My happiness stayed high until I was disturbed by the hall activities. Unfortunately my room was just near an open space where many hall activities were conducted. Hall people being hall people, they were enthusiastic about everything they did; and they did it until very late into the night. My sleep could not have been worse.


Surviving University halls

I was a silent victim in my room. One day I really could not stand the problem. I opened the door, went straight to them. Should I scold them or beg them to leave? At that split second, I chose a middle ground. I explained calmly to them the situation and requested them to move to a functional room instead of an open space. Surprisingly, they were receptive to what I said and had never come back again. I wonder why I didn’t have the courage to do that much earlier?

There was a time when the hall officer came into our room and check for illegal residence. In my case, they knocked on my door at 4am in the morning. Yes, 4am. I literally dragged myself out of the bed as if I was facing a police investigation.

It was being rumored they were trying to catch people off-guard. But I felt that was not appropriate and considerate. While my friends were all complaining, I decided to write a letter to the hall office, appealing to them to stop the practice.

No one replied me.

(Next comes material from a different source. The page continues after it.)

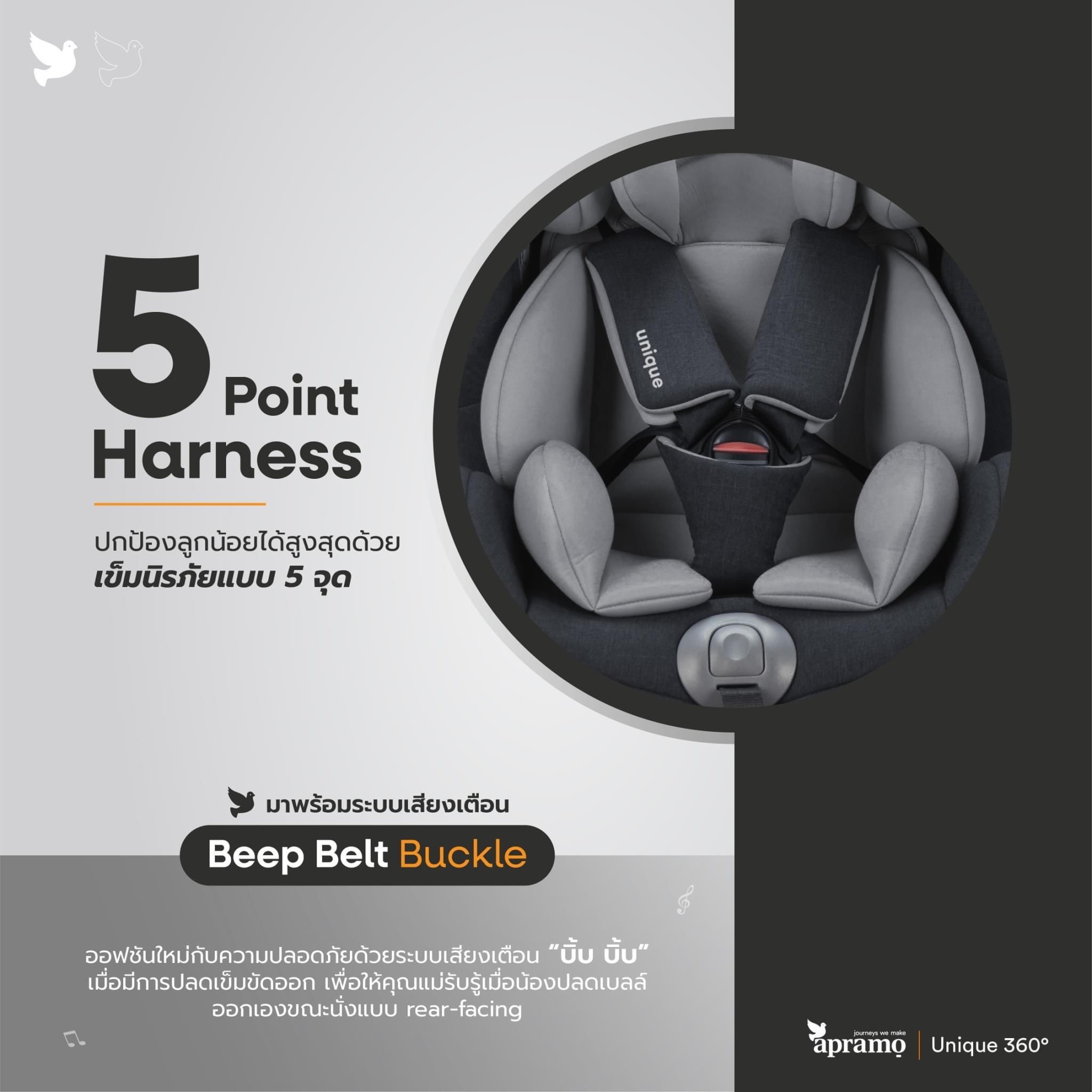 • เข็มขัดนิรภัย 5 จุด ปลอดภัยแน่นหนา

I thought they probably deleted my email, thinking who was this guy to teach them how to do things?

One month later, they got back to me. They told me they actually realized the problem of their policy and stopped doing that after a review. I was given credit for giving the feedback. You never know, probably it was my feedback that tip the balance in the favor of students. Things happening in hall life can get personal. I must stand for my opinions, how matter how slim the chances of success.

I have one more year to go before I bid farewell to my hall life. I feel I learnt a lot about how to do many things. It is like taking a roller coaster. After each down and up, I know I achieved something new, even though other people may not even take note of it.